* **Exercise**
Nothing beyond the line containing "Acolyte of Yogg-Saron" should be printed; print each line exactly from the first line of the listing below through it.

* **Material provided**
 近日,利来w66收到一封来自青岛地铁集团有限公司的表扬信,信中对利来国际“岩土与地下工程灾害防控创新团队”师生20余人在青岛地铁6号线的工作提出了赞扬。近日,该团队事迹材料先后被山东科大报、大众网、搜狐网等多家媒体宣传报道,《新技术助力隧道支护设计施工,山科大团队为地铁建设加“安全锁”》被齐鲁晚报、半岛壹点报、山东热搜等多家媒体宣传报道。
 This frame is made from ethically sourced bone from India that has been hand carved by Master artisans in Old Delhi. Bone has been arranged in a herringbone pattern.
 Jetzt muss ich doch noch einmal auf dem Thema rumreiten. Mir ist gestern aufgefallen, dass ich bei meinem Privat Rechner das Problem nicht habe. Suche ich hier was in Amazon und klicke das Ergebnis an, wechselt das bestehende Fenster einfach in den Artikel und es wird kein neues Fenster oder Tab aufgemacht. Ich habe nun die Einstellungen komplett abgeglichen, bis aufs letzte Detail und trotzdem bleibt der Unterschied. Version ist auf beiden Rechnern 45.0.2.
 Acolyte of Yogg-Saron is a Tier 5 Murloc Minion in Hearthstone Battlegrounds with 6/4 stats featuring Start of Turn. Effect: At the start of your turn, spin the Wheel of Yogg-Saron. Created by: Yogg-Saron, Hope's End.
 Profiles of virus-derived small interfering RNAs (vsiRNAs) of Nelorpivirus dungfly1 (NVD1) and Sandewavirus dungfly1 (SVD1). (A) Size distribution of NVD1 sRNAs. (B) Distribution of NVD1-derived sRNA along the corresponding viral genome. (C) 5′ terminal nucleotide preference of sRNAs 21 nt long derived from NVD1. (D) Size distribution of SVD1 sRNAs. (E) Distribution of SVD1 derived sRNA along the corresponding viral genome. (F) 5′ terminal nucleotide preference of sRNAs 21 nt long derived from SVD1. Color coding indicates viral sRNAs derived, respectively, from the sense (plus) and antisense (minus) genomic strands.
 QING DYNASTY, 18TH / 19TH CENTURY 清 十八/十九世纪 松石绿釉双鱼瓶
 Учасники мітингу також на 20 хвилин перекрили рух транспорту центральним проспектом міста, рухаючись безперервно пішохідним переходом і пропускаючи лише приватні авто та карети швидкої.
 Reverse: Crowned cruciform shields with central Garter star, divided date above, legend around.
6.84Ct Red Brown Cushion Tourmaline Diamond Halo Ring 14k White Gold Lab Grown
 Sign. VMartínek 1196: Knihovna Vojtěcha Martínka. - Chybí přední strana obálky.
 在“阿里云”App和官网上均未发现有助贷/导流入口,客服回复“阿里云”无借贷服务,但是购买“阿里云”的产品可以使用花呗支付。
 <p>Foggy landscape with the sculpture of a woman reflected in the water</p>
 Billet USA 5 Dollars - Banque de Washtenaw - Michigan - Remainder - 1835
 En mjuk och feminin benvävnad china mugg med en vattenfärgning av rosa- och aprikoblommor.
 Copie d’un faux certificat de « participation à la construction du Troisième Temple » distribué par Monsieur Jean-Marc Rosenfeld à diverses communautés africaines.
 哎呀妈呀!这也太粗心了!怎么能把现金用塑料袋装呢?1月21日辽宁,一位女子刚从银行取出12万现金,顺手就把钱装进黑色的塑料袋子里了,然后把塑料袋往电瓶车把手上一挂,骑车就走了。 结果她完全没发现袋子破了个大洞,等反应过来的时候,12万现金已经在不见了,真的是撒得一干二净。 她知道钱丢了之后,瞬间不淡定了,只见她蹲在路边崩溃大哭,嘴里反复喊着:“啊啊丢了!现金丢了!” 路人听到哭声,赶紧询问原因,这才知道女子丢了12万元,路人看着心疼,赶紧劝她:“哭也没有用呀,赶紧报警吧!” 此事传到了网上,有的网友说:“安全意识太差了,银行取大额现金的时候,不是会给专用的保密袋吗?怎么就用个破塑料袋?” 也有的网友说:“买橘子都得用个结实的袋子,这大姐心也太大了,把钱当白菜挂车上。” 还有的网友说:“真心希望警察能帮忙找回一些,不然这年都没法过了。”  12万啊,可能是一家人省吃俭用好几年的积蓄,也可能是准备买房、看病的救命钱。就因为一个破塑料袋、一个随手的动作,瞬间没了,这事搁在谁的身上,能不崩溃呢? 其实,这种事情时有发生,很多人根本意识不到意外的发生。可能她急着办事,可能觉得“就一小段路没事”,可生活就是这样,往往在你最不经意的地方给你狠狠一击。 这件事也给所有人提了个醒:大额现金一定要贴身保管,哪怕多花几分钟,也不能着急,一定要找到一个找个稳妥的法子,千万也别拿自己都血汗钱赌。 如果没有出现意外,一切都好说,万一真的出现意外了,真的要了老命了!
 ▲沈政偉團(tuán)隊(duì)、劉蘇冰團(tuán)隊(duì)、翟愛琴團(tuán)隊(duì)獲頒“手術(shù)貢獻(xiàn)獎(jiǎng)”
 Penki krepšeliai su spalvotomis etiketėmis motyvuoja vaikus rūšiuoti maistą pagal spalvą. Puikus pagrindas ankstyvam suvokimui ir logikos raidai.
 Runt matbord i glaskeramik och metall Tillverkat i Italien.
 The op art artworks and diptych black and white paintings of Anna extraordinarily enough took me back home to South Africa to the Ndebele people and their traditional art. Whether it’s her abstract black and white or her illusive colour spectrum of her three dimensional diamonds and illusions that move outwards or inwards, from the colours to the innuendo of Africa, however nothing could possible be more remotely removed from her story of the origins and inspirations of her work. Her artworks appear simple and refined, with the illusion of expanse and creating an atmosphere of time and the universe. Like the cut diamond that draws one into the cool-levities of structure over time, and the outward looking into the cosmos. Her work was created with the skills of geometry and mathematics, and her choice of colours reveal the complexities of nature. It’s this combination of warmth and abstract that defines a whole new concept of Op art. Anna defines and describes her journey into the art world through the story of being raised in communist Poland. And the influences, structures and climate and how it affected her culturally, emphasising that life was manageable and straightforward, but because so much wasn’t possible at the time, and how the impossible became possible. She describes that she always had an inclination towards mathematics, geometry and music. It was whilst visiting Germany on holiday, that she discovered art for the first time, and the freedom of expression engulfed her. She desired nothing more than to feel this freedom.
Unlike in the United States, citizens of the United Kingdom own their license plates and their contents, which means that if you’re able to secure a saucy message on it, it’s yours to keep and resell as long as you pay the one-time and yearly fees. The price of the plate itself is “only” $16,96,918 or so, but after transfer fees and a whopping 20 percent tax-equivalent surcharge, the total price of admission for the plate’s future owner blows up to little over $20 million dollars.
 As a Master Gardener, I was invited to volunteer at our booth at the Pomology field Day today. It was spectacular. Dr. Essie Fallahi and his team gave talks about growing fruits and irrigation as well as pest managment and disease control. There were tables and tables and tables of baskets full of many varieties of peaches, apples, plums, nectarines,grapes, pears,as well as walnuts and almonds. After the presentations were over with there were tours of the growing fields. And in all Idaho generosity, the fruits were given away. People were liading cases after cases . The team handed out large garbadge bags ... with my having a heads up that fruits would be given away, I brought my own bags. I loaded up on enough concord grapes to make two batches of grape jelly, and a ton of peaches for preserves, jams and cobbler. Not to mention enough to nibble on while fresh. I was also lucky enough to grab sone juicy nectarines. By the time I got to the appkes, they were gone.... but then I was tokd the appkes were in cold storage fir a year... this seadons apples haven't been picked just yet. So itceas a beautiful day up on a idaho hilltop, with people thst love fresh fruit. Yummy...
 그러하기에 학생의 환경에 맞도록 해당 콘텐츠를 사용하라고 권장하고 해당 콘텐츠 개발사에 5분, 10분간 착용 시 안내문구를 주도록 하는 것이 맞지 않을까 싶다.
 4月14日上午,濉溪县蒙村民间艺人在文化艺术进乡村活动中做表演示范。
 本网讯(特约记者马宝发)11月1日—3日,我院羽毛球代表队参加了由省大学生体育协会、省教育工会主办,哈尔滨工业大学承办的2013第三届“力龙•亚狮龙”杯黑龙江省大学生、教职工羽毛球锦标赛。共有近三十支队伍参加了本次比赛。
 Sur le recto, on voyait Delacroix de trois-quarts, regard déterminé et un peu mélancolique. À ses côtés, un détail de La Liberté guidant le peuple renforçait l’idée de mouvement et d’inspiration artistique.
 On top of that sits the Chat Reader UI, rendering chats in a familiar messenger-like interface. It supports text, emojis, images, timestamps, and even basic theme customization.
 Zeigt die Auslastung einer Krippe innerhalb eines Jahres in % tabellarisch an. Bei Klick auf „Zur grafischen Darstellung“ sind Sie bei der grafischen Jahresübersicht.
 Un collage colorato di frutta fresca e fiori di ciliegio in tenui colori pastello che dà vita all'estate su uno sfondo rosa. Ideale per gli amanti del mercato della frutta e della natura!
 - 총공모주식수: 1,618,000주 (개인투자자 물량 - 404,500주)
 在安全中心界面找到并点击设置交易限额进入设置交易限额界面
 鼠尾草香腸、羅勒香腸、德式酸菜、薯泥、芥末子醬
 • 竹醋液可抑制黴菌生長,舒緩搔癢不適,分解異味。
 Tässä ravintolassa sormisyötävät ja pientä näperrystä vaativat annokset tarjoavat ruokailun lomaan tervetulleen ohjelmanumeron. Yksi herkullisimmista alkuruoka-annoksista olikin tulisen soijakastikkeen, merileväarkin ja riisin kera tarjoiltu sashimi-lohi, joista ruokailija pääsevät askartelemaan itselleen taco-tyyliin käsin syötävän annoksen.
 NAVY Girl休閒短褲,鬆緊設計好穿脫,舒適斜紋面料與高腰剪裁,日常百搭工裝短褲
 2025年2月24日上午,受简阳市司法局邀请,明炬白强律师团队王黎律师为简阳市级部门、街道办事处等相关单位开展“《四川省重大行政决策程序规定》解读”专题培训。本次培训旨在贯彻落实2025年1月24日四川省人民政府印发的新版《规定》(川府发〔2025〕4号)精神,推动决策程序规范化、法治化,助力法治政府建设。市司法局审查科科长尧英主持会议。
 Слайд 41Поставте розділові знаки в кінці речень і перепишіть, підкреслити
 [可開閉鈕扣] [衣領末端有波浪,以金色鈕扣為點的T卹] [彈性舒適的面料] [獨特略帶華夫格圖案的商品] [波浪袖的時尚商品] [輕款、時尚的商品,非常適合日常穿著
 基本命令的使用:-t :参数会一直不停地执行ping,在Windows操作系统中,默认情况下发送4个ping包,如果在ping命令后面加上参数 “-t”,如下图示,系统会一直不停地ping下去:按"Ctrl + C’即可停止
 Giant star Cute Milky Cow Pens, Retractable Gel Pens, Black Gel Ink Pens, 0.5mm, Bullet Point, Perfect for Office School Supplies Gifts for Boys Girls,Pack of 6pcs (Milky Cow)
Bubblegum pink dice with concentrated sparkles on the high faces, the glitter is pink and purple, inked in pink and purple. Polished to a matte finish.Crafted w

* **Exercise solution**
 近日,利来w66收到一封来自青岛地铁集团有限公司的表扬信,信中对利来国际“岩土与地下工程灾害防控创新团队”师生20余人在青岛地铁6号线的工作提出了赞扬。近日,该团队事迹材料先后被山东科大报、大众网、搜狐网等多家媒体宣传报道,《新技术助力隧道支护设计施工,山科大团队为地铁建设加“安全锁”》被齐鲁晚报、半岛壹点报、山东热搜等多家媒体宣传报道。
 This frame is made from ethically sourced bone from India that has been hand carved by Master artisans in Old Delhi. Bone has been arranged in a herringbone pattern.
 Jetzt muss ich doch noch einmal auf dem Thema rumreiten. Mir ist gestern aufgefallen, dass ich bei meinem Privat Rechner das Problem nicht habe. Suche ich hier was in Amazon und klicke das Ergebnis an, wechselt das bestehende Fenster einfach in den Artikel und es wird kein neues Fenster oder Tab aufgemacht. Ich habe nun die Einstellungen komplett abgeglichen, bis aufs letzte Detail und trotzdem bleibt der Unterschied. Version ist auf beiden Rechnern 45.0.2.
 Acolyte of Yogg-Saron is a Tier 5 Murloc Minion in Hearthstone Battlegrounds with 6/4 stats featuring Start of Turn. Effect: At the start of your turn, spin the Wheel of Yogg-Saron. Created by: Yogg-Saron, Hope's End.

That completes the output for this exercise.